## WHAT THIS TASK INVOLVES
Copy the listing below exactly. Pictures stay out of it.

## SOURCE DATA
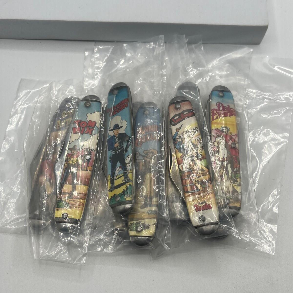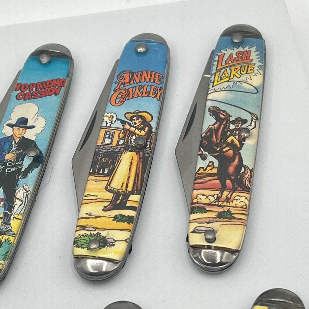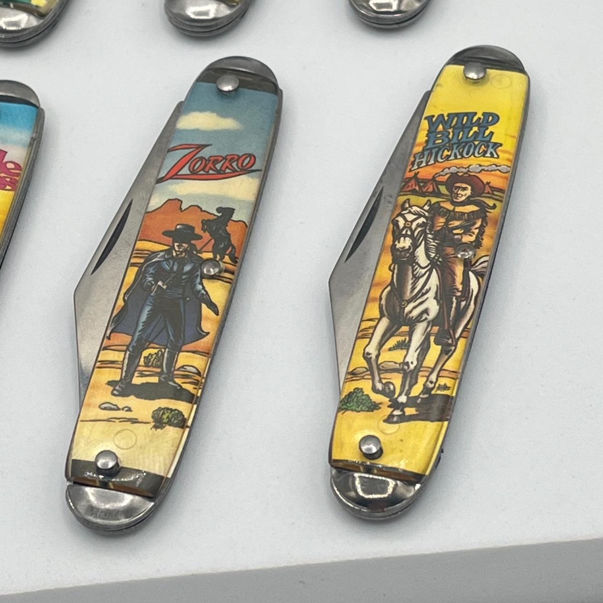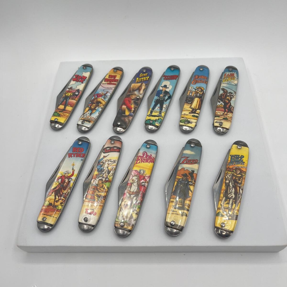 LOT 160J: Vintage Novelty Knife Co. Western Cowboy Themed Pocket Knives (11) Lone Ranger, Roy Rogers, Gene Autry and More
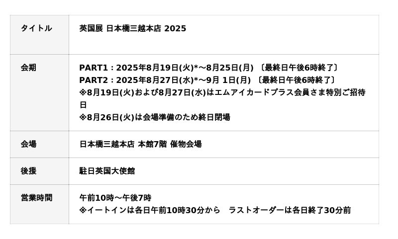 暑い夏は都心で英国旅行気分!「英国展 日本橋三越本店 2025」を8月19日(火)より開催
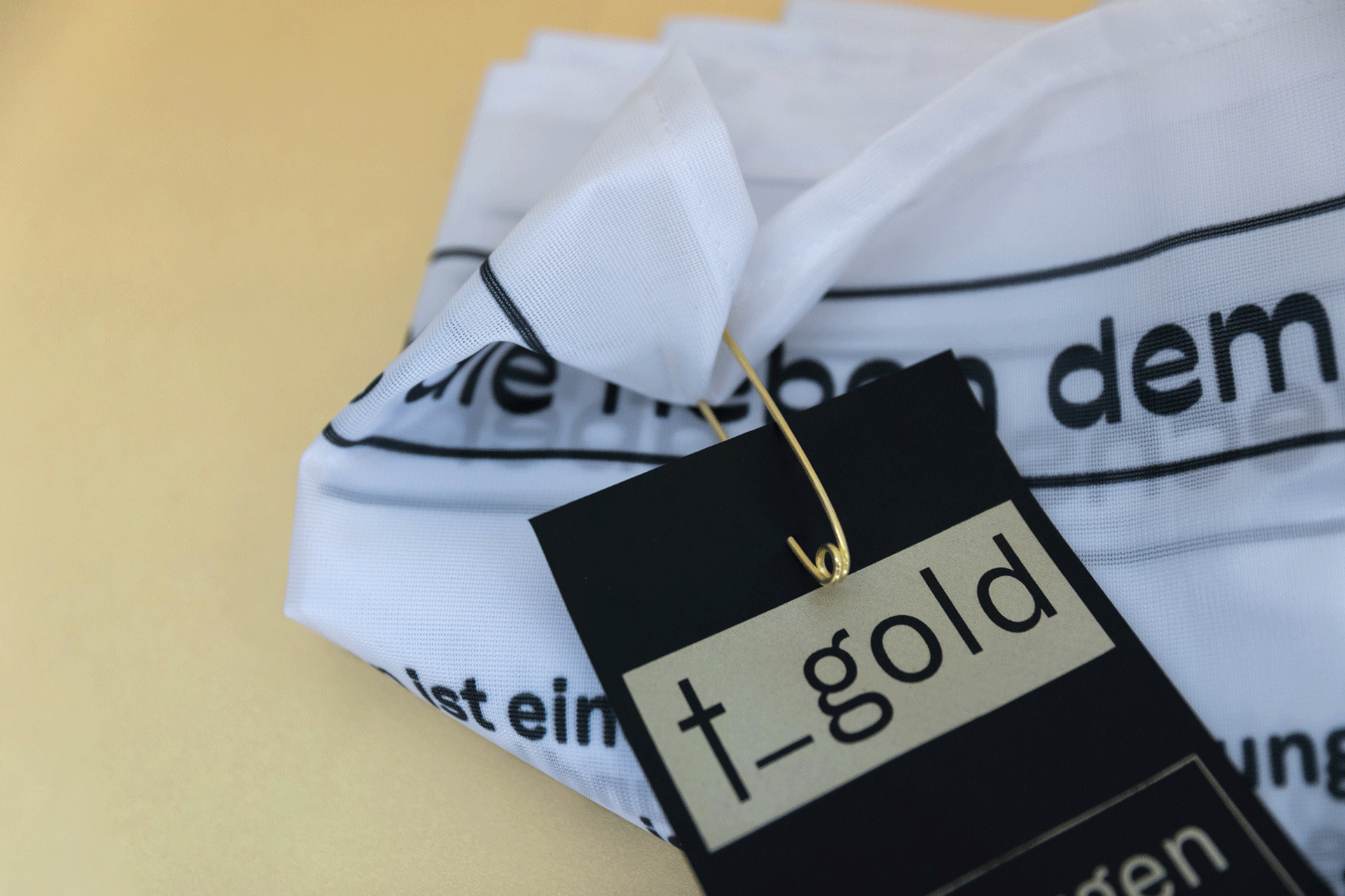The objects of the brand dead_gold are everyday objects. The first collection consists of blankets, flags and towels. Each group of objects was produced especially for one group of individuals. Not their design refers to the respective group of individuals, but the content depicted on them. Each object asks where we feel safe and secure, where we find orientation and when and how we can express ourselves. The materiality emphasizes the content of the objects. Since there are many different—and not necessrily golden—golden calves today, the objects of the brand dead_gold show several products from the online-shop amazon at the same time. These might appear as golden calves. In the identical representation of the different products they appear as a homogeneous group. Thus the objects can call for acceptance and tolerance in between people.
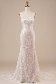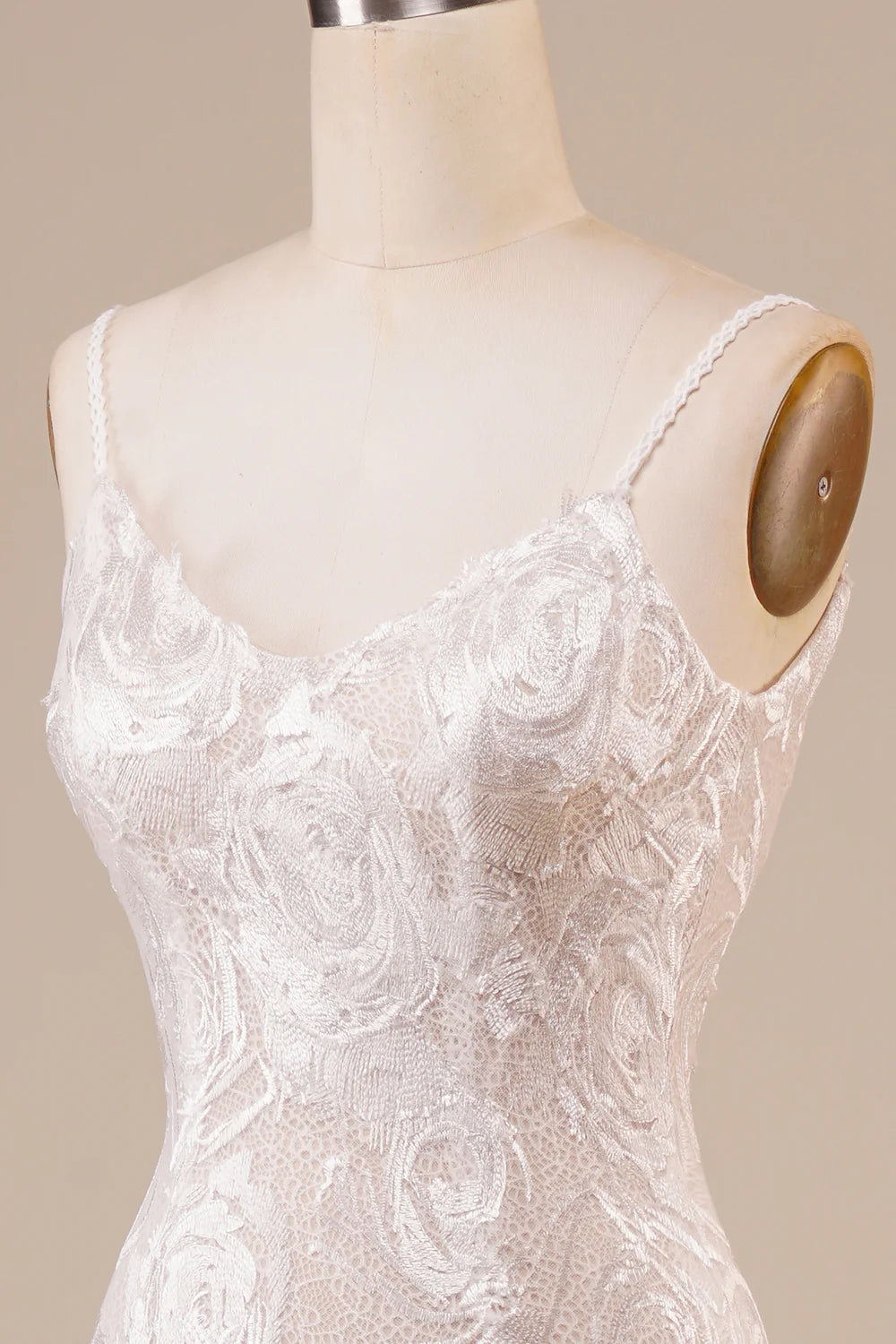 Wholesa Backless Lace Wedding Dress with Sweep Train

## EXPECTED ANSWER
 LOT 160J: Vintage Novelty Knife Co. Western Cowboy Themed Pocket Knives (11) Lone Ranger, Roy Rogers, Gene Autry and More
 暑い夏は都心で英国旅行気分!「英国展 日本橋三越本店 2025」を8月19日(火)より開催
The objects of the brand dead_gold are everyday objects. The first collection consists of blankets, flags and towels. Each group of objects was produced especially for one group of individuals. Not their design refers to the respective group of individuals, but the content depicted on them. Each object asks where we feel safe and secure, where we find orientation and when and how we can express ourselves. The materiality emphasizes the content of the objects. Since there are many different—and not necessrily golden—golden calves today, the objects of the brand dead_gold show several products from the online-shop amazon at the same time. These might appear as golden calves. In the identical representation of the different products they appear as a homogeneous group. Thus the objects can call for acceptance and tolerance in between people.
 Wholesa Backless Lace Wedding Dress with Sweep Train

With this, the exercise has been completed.